#### [Dataset excerpts]

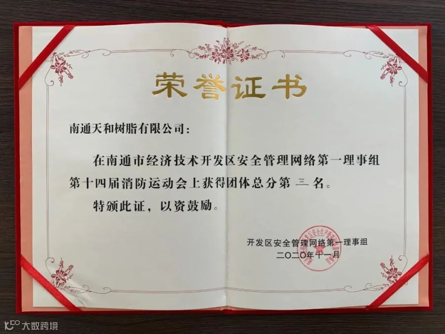 南通天和树脂有限公司荣获团体总分第三名
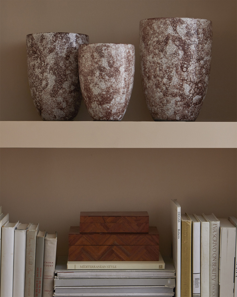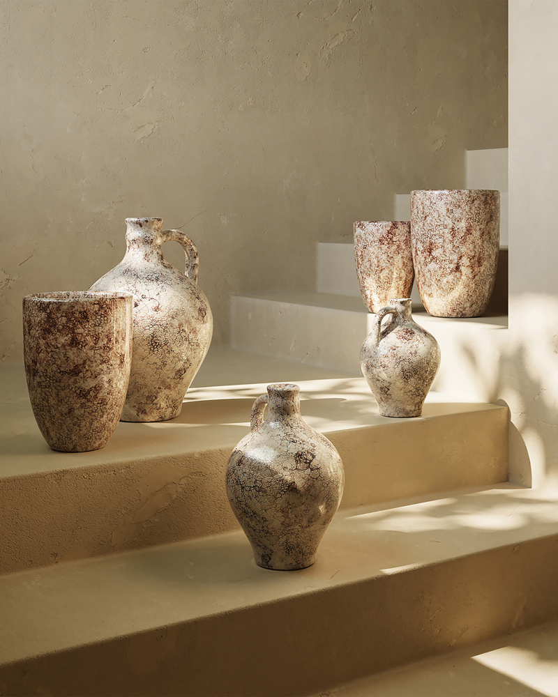 The Marne Vase Set is made of terracotta to reflect the rustic sophistication seen throughout southern Italy. The mottled surface of the vases have been treated to pitting and other imperfections that create the ruse they are aged. These white and brown vessels will bring the feel of an antique to a space and, because the finishes are hand-applied, each surface will vary slightly.
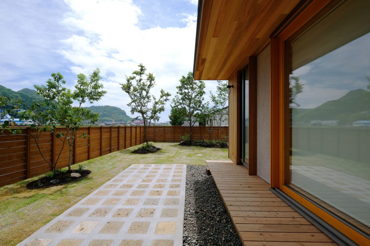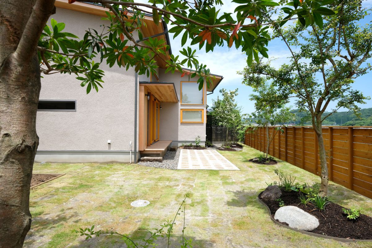 庭と玄関アプローチに敷き詰めた加治木石。反射熱が少ないため熱くなりすぎず、外遊び時にもコンクリートに比べて過ごしやすいです。
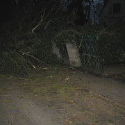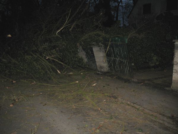 Im angrenzenden Grundstück des vorangegangenen Alarms stürzte ein weiterer Baum um und blieb quer über der Waldluststraße liegen.
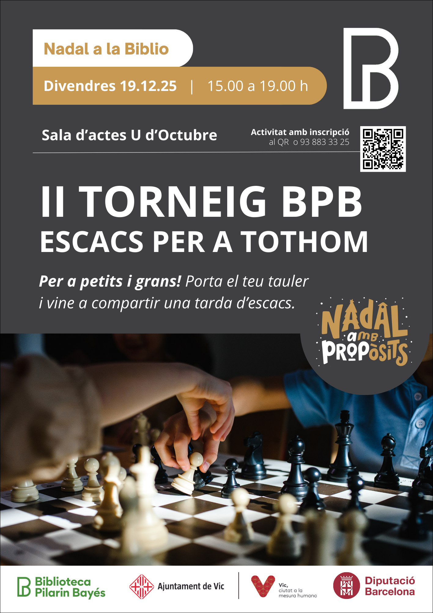 Per a totes les edats, petits i grans. Porta el teu tauler i comparteix una tarda d’escacs.

#### [Exercise brief]
Leaving out the pictures, please transcribe exactly the lines from the one that holds "庭と玄関アプローチに敷き詰め" through the last line of the entries above, both included.

#### [Result below]
 庭と玄関アプローチに敷き詰めた加治木石。反射熱が少ないため熱くなりすぎず、外遊び時にもコンクリートに比べて過ごしやすいです。
 Im angrenzenden Grundstück des vorangegangenen Alarms stürzte ein weiterer Baum um und blieb quer über der Waldluststraße liegen.
 Per a totes les edats, petits i grans. Porta el teu tauler i comparteix una tarda d’escacs.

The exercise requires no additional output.